------ Information shown

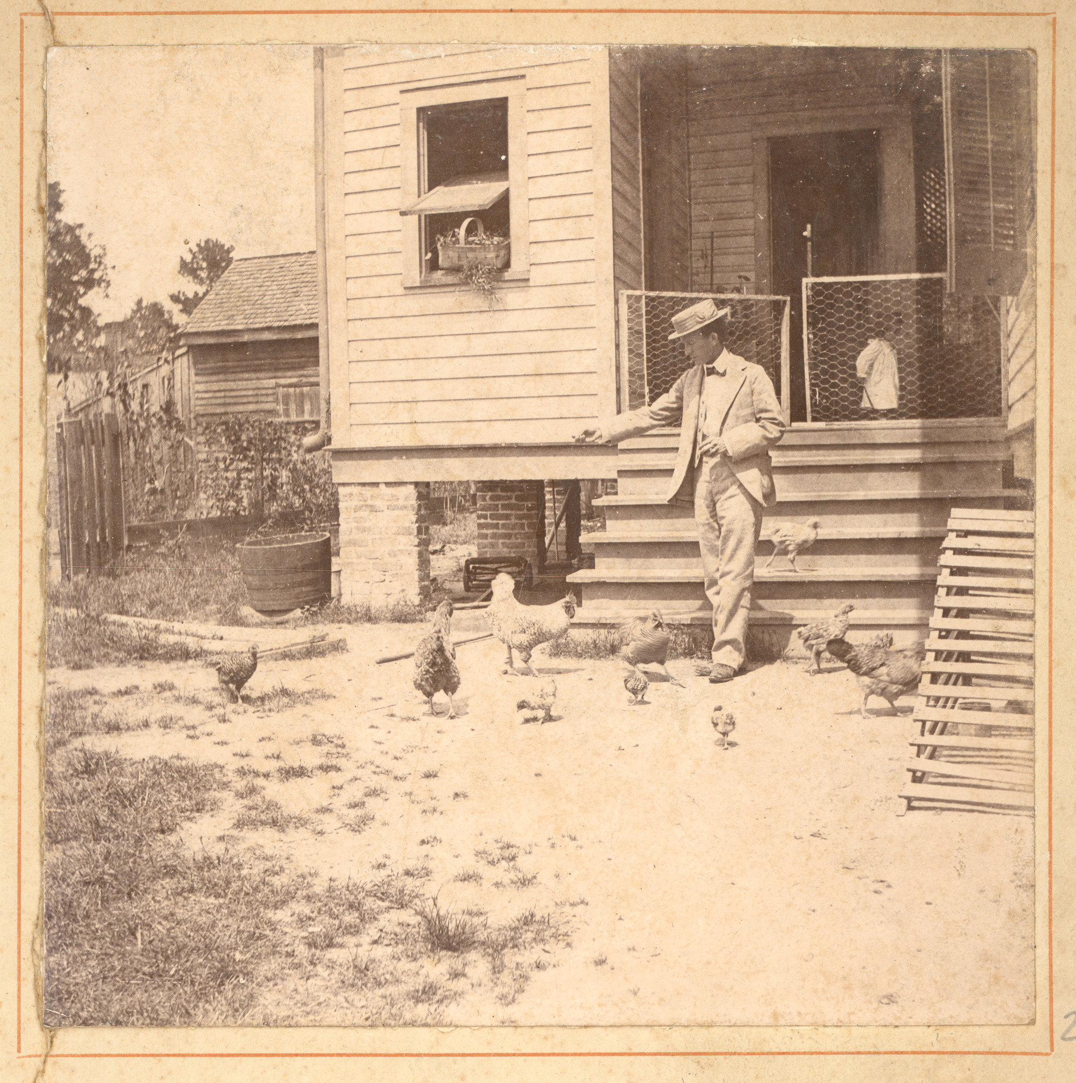 Unidentified Adult in a Suit Feeding Chickens in a Yard
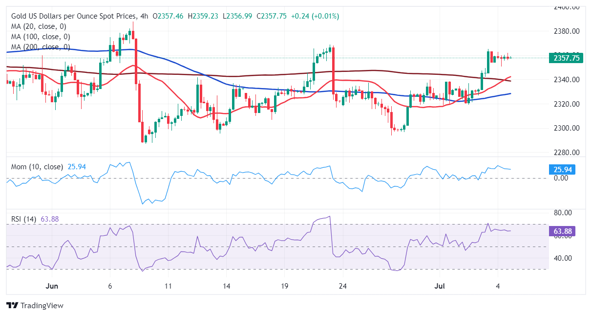Technically, the daily chart shows XAU/USD has remained confined to a tight range near its weekly high of $2,364.83, losing momentum but with the risk still skewed to the upside. The pair is developing above a flat 20 Simple Moving Average (SMA) while the 100 and 200 SMAs keep advancing below it. Technical indicators, in the meantime, remain within positive levels, although without directional strength.
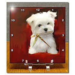 Maltese Puppy Desk Clock is new, handcrafted utilizing unique process resulting in a stunning high gloss ceramic-like finish. Measures 6" x 6", comes with transparent acrylic stand. Single AA battery is not included. Read more...
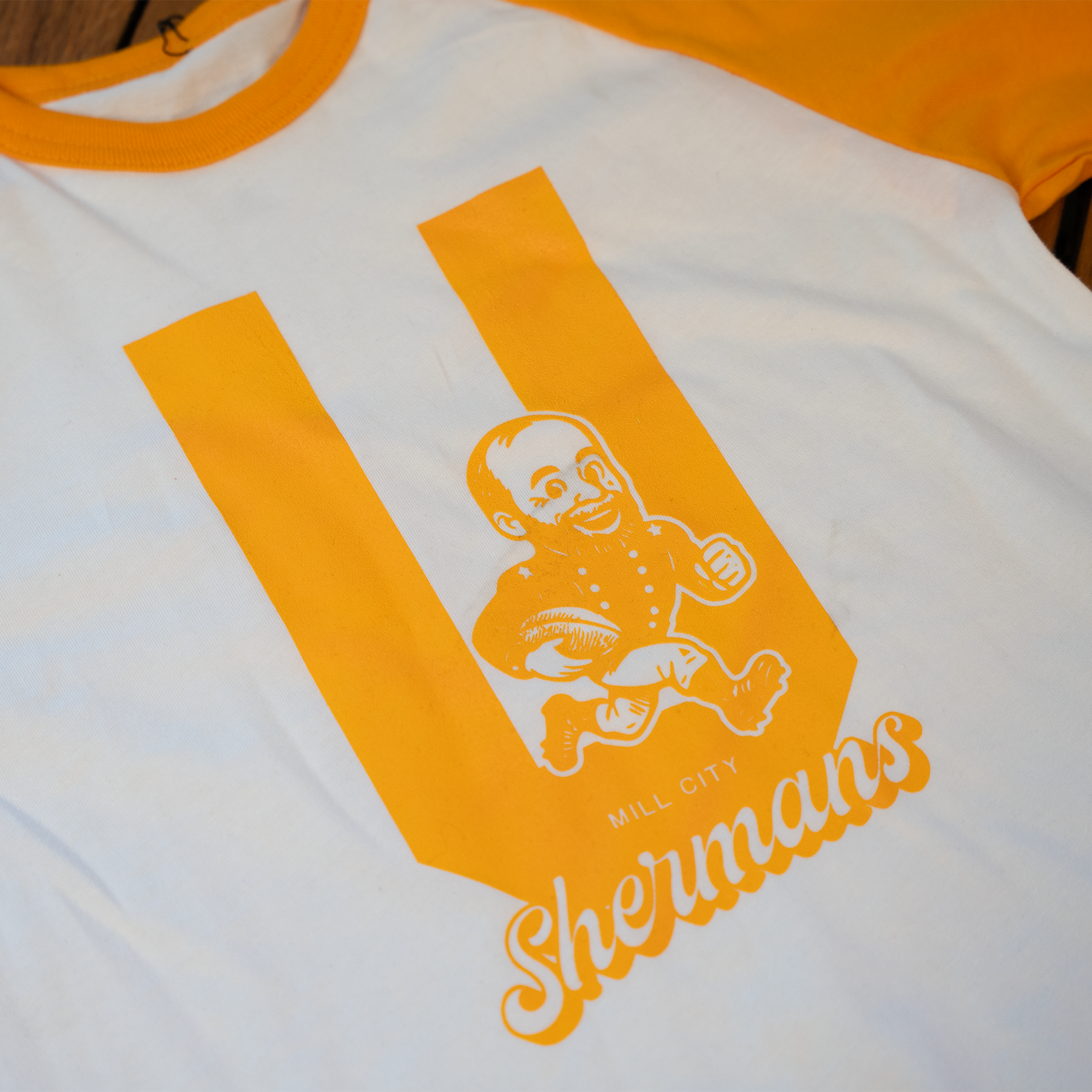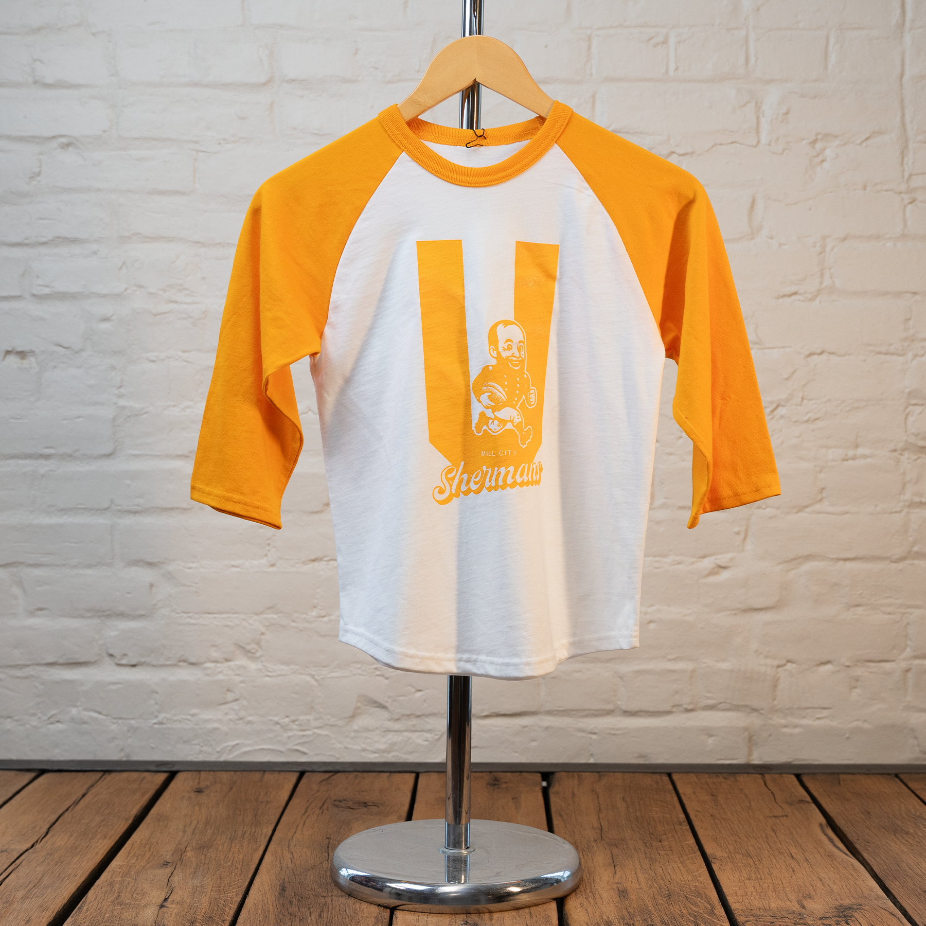New to the Mill City Spirit Wear Collection: Charging Shermans Youth Raglan Tee.

------------

What you will do: Drop the pictures, then write out only the lines running from the one containing "Maltese Puppy Desk" through the last line above, both included, exactly.

Exercise result:
 Maltese Puppy Desk Clock is new, handcrafted utilizing unique process resulting in a stunning high gloss ceramic-like finish. Measures 6" x 6", comes with transparent acrylic stand. Single AA battery is not included. Read more...
New to the Mill City Spirit Wear Collection: Charging Shermans Youth Raglan Tee.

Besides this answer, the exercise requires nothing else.